Jinju Guk1, Antoine Bridier‐Nahmias1, Aude Bernheim1, Nathalie Grall2,1, Xavier Duval3,1, Olivier Clermont1, Étienne Ruppé2,1, Camille d’Humières2,1, Olivier Tenaillon1, Érick Denamur4,1, France Mentré5,1, Jérémie Guedj1, Charles Burdet5,1
1Université de Paris, IAME, INSERM, Paris, France
2AP‐HP, Hôpital Bichat, Laboratoire de Bactériologie Paris France
3AP‐HP, Hôpital Bichat, Centre d'Investigation Clinique, Inserm CIC 1425 Paris France
4AP‐HP, Hôpital Bichat, Laboratoire de Génétique Moléculaire Paris France
5Département d'Épidémiologie AP‐HP, Hôpital Bichat, Biostatistique et Recherche Clinique Paris France
Tóm tắt
AbstractRecent studies have highlighted the importance of ecological interactions in dysbiosis of gut microbiota, but few focused on their role in antibiotic‐induced perturbations. We used the data from the CEREMI trial in which 22 healthy volunteers received a 3‐day course of ceftriaxone or cefotaxime antibiotics.
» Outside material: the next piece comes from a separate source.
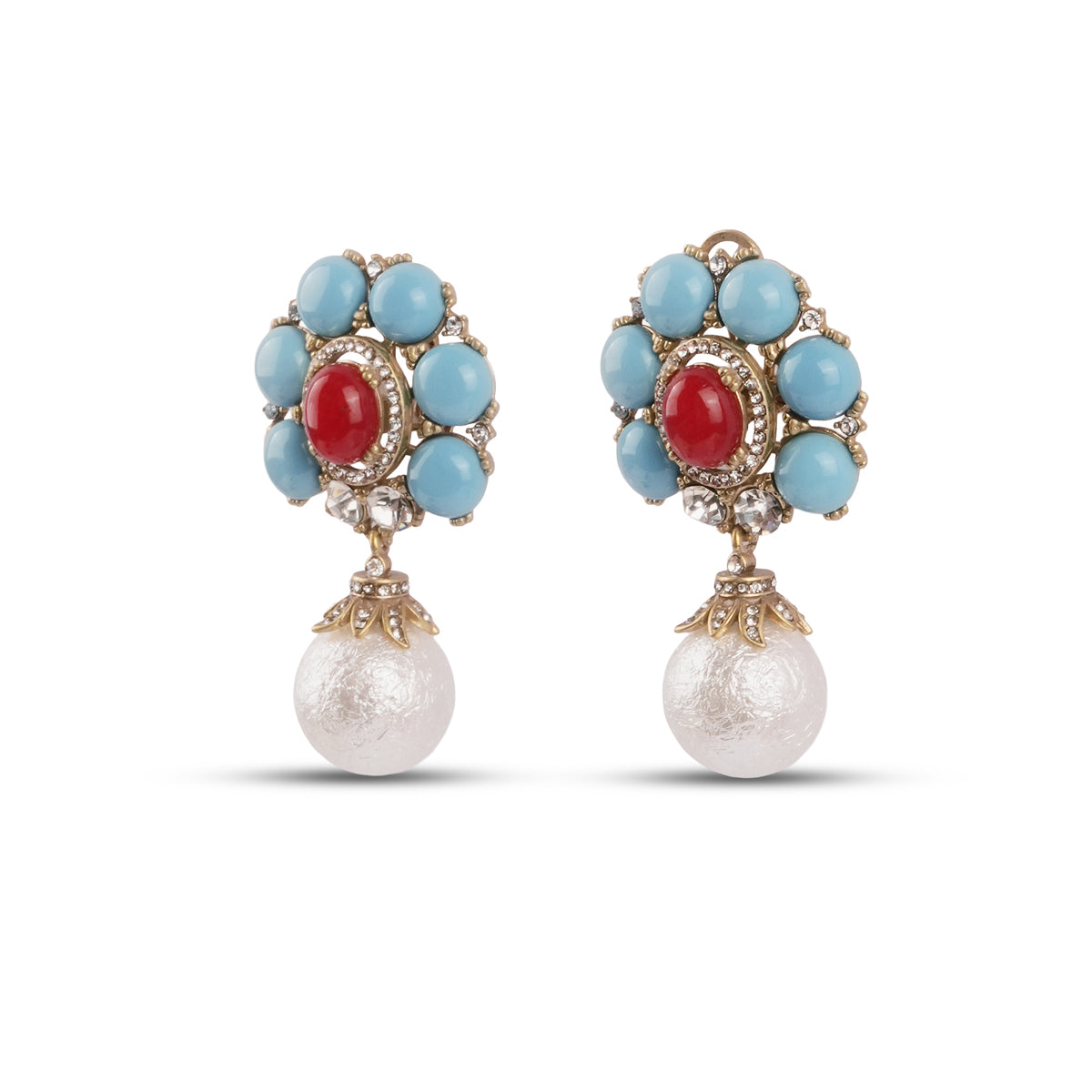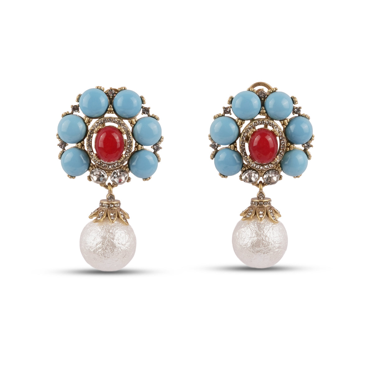 The Camélia Earrings are pure romance with a bold, modern twist. A stunning faux firoza stone takes the spotlight, framed with an inset ruby-hued center and finished with a pearl drop that moves softly as you do. The mix feels regal, but not heavy. Vintage-glam, but completely wearable.

Fecal samples were analyzed by 16S rRNA gene profiling, and the total bacterial counts were determined in each sample by flux cytometry. As the gut exposure to antibiotics could not be experimentally measured despite a marked impact on the gut microbiota, it was reconstructed using the counts of susceptible Escherichia coli. The dynamics of absolute counts of bacterial families were analyzed using a generalized Lotka–Volterra equations and nonlinear mixed effect modeling. Bacterial interactions were studied using a stepwise approach. Two negative and three positive interactions were identified. Introducing bacterial interactions in the modeling approach better fitted the data, and provided different estimates of antibiotic effects on each bacterial family than a simple model without interaction. The time to return to 95% of the baseline counts was significantly longer in ceftriaxone‐treated individuals than in cefotaxime‐treated subjects for two bacterial families: Akkermansiaceae (median [range]: 11.3 days [0; 180.0] vs. 4.2 days [0; 25.6], p = 0.027) and Tannerellaceae (13.7 days [6.1; 180.0] vs. 6.2 days [5.4; 17.3], p = 0.003). Taking bacterial interaction as well as individual antibiotic exposure profile into account improves the analysis of antibiotic‐induced dysbiosis.